Etan Patz's alleged killer confessed to murder years ago, but church group, relatives told no one

Pedro Hernandez's wife Rosemary (r.) and daughter Becky leave their Maple Shade, N.J. home escorted by police officer.


Pedro Hernandez confessed decades ago to his church prayer group that he had strangled a boy — but no one, including his relatives and a spiritual leader, reported it to authorities.

His sister, Milagros Hernandez, 45, of Camden, N.J., revealed the family secret to the Daily News on Sunday — and on behalf of the 12 Hernandez brothers and sisters apologized to the parents of the 6-year-old boy he says he killed, Etan Patz.

“We are deeply sorry to the family if our brother had anything to do with this, and we are praying for them — that somehow they can find peace,” she said.

She recounted to The News how she had heard from an older sibling years ago that Pedro, in the 1980s, had confessed to a church prayer group that he had killed a child.

No one went to the cops or investigated his claim further, she said.

“The family stopped talking about it. It was like they just put it away and no one wanted to pay attention to it anymore,” she said.

The New York Times reported Sunday that Hernandez made his startling confession at St. Anthony of Padua, a Catholic church in Camden, N.J.

“He confessed to the group,” Thomas Rivera, who led the parish’s prayer meetings at the time, told the paper.

Rivera, 76, who was questioned by NYPD detectives last week and asked to keep quiet, said he did not contact police “because (Hernandez) did not confess to me” in a one-on-one setting, the paper reported.

Hernandez’s confession back then, when he was in his 20s, could be used by detectives to corroborate his recent admission to being Etan’s killer — which has been shrouded in doubt by his diagnoses of bipolar disorder and schizophrenia.
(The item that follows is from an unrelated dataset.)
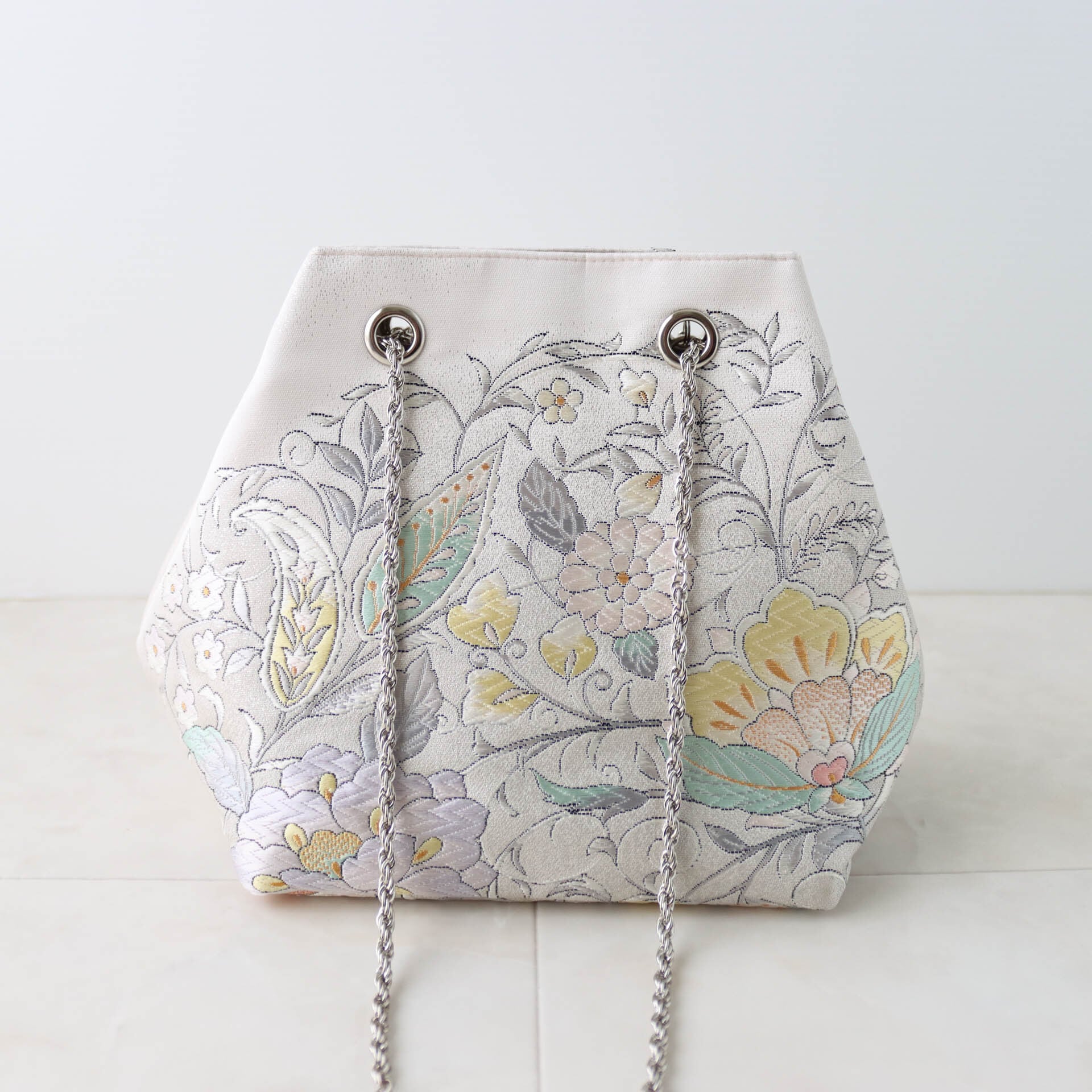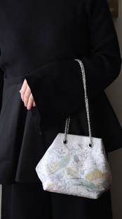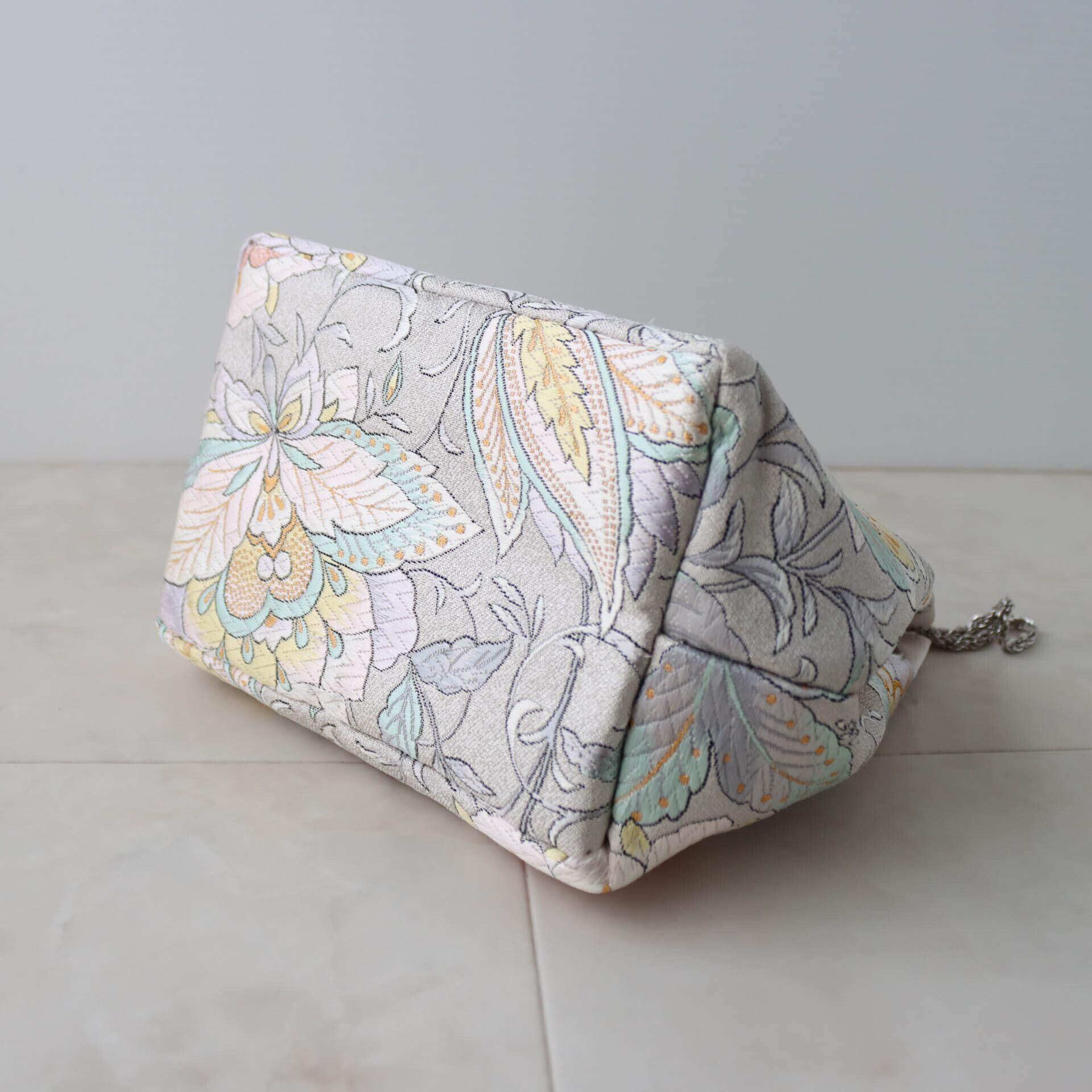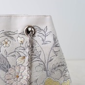 Obi Drawstring Bag Cube /シルバー花唐草模様/Silver flower arabesque pattern

Pedro Hernandez, who was an 18-year-old SoHo bodega stock boy in 1979 when Etan vanished, told cops last week that he killed the child on a sudden urge. Now 51 and unemployed, he was charged Friday with second-degree murder, despite questions about his mental state and a lack of physical evidence linking him to the boy.

His wife and daughter — reeling from his arrest in a sensational cold-case from 33 years ago — now fear they will become pariahs.

Rosemary and Becky Hernandez weren’t in their usual second-row seats for Sunday services at their Pentecostal church, but the flock prayed for them.

“The size of the shock, you have the idea (they must think), ‘Will people still love us?’ ” said the Rev. George Bowen, pastor of the Maranatha Christian Fellowship church in Moorestown, N.J.